> Task directions:
A verbatim copy of the data is wanted, minus any picture in it.

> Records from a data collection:
%%

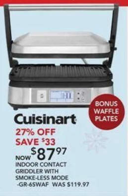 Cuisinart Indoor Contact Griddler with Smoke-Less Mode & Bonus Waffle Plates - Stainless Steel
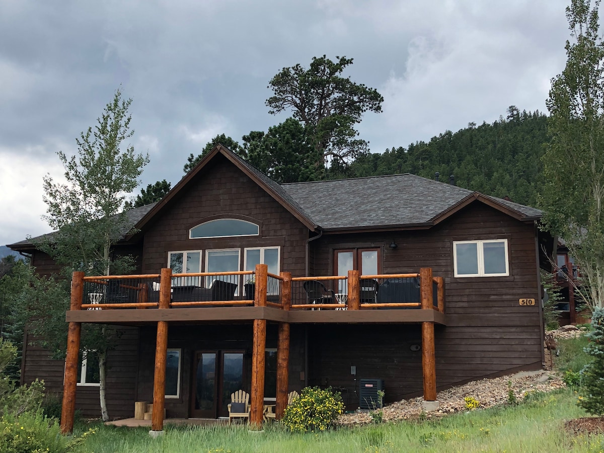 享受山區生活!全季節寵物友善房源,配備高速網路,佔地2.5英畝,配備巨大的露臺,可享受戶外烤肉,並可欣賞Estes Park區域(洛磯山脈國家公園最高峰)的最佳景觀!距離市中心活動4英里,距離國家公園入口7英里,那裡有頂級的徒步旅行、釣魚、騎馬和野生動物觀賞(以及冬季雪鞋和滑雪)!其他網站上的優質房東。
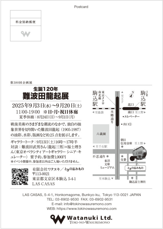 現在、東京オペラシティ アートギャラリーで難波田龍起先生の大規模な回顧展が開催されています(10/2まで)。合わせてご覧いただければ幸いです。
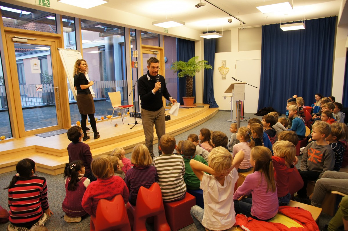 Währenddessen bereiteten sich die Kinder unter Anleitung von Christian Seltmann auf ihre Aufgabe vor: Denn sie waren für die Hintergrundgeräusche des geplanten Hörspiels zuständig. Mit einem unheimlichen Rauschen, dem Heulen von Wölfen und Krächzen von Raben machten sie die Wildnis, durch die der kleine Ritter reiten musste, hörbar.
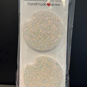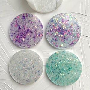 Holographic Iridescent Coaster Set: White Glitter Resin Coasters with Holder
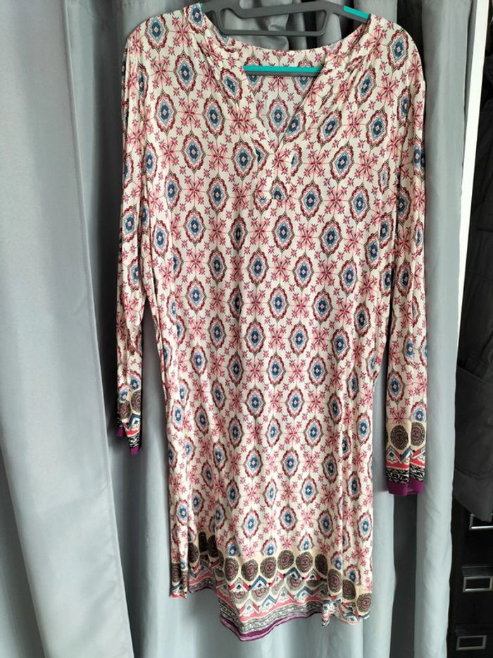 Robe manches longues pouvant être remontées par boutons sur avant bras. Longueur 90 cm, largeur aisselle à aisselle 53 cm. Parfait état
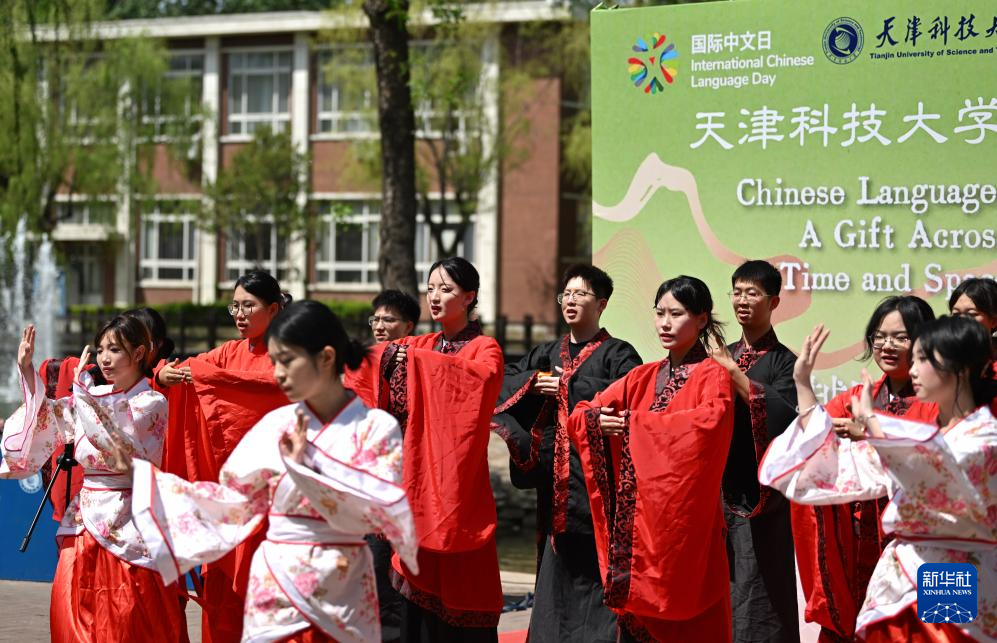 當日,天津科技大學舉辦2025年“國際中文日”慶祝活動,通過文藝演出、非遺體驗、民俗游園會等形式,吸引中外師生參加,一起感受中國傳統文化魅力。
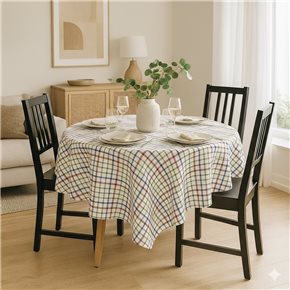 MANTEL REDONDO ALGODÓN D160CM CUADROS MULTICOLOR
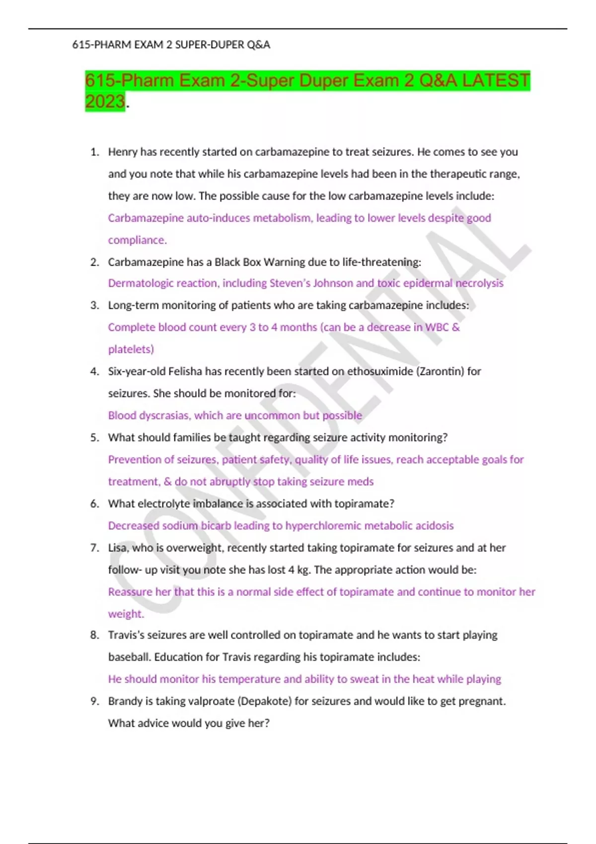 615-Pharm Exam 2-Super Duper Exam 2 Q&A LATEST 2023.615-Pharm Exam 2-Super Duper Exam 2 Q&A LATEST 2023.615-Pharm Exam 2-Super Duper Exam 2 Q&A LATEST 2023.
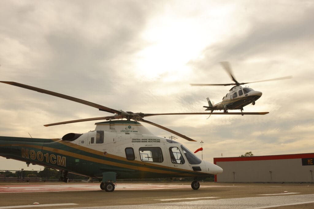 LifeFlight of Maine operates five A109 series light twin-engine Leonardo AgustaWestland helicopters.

%%

> Exercise output:
 Cuisinart Indoor Contact Griddler with Smoke-Less Mode & Bonus Waffle Plates - Stainless Steel
 享受山區生活!全季節寵物友善房源,配備高速網路,佔地2.5英畝,配備巨大的露臺,可享受戶外烤肉,並可欣賞Estes Park區域(洛磯山脈國家公園最高峰)的最佳景觀!距離市中心活動4英里,距離國家公園入口7英里,那裡有頂級的徒步旅行、釣魚、騎馬和野生動物觀賞(以及冬季雪鞋和滑雪)!其他網站上的優質房東。
 現在、東京オペラシティ アートギャラリーで難波田龍起先生の大規模な回顧展が開催されています(10/2まで)。合わせてご覧いただければ幸いです。
 Währenddessen bereiteten sich die Kinder unter Anleitung von Christian Seltmann auf ihre Aufgabe vor: Denn sie waren für die Hintergrundgeräusche des geplanten Hörspiels zuständig. Mit einem unheimlichen Rauschen, dem Heulen von Wölfen und Krächzen von Raben machten sie die Wildnis, durch die der kleine Ritter reiten musste, hörbar.
 Holographic Iridescent Coaster Set: White Glitter Resin Coasters with Holder
 Robe manches longues pouvant être remontées par boutons sur avant bras. Longueur 90 cm, largeur aisselle à aisselle 53 cm. Parfait état
 當日,天津科技大學舉辦2025年“國際中文日”慶祝活動,通過文藝演出、非遺體驗、民俗游園會等形式,吸引中外師生參加,一起感受中國傳統文化魅力。
 MANTEL REDONDO ALGODÓN D160CM CUADROS MULTICOLOR
 615-Pharm Exam 2-Super Duper Exam 2 Q&A LATEST 2023.615-Pharm Exam 2-Super Duper Exam 2 Q&A LATEST 2023.615-Pharm Exam 2-Super Duper Exam 2 Q&A LATEST 2023.
 LifeFlight of Maine operates five A109 series light twin-engine Leonardo AgustaWestland helicopters.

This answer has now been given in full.